Q: What is the name of this basket and how did you come up with this design?
Eric: I named it the Full Twist. Well, it really was a simpler and smaller version of one of my more intricate exhibit baskets.
Q: Have you taught this basket and if not, are you going to teach it?
Eric: Yes, I have taught the “full twist” basket before.
Q: What would a half-twist look like? If someone got tired of making all those little twisty things they could just stop and call it a Half Twist?
Eric: Well, you are sort of onto something here. Students weren’t too fond of making all those twists as they completed the rows and worked their way up. I myself enjoy doing them. But I decided not to do any full twist type baskets in my workshops.
Q: How do you feel beating your wife and preventing her from being 4-0 in our Brady Gaga Fantasy Football League?
Eric: How do I feel about it? Ah, I always had a hard time playing my wife in our league. It’s the worst part of the year. But what am I supposed to do, tank? If it’s any consolation, I would rather you win the whole championship before me.

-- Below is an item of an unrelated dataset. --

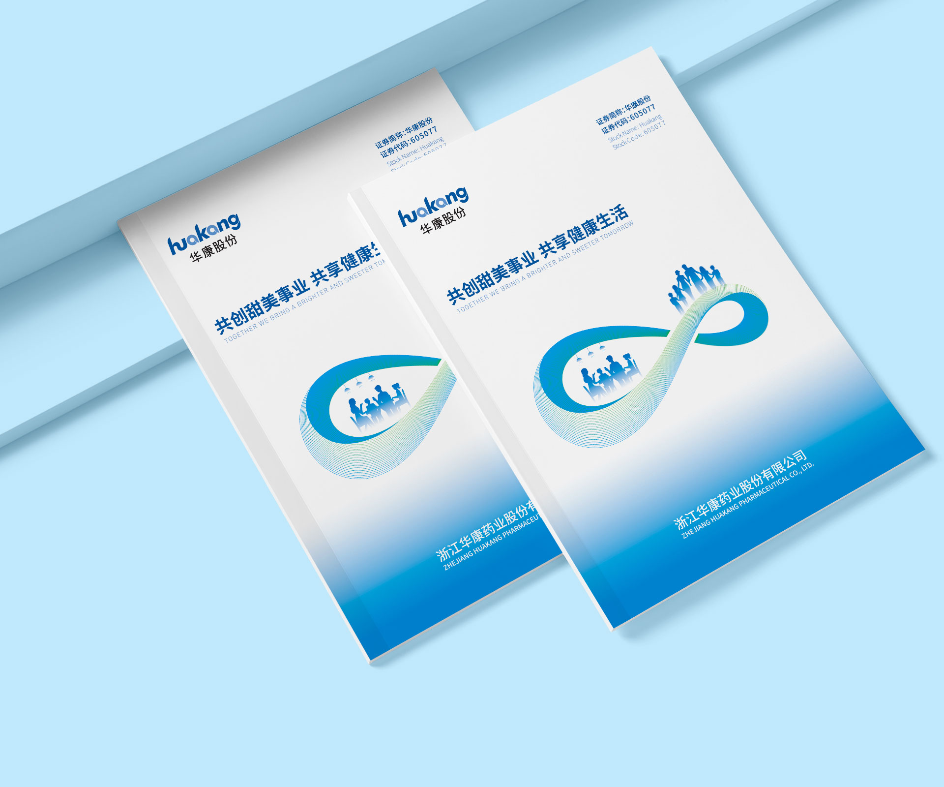 • 正面:突出品牌標識 “huakang”、核心 slogan “共創甜美事業 共享健康生活”,搭配簡約圖形符號,快速搶占受眾視覺焦點,強化品牌記憶;

(Well, I would have had a nicely paved road if you didn’t beat me last week.)
Q: What aggravated you this week?
Eric: I just saw the new appointment card from our dentist and you scheduled it for the day of my birthday?
I did? Sorry. It didn’t even dawn on me.
Well, that really aggravated me that you think a good birthday gift would be going to the dentist.
In my defense, I sort of didn’t pay attention because she said “6 months’ and I knew I would be canceling it anyway because you find going to the dentist once a year too much.
Do you have a kit or instructions for the Full Twist basket?
I will have to check on that Dee and get back with you.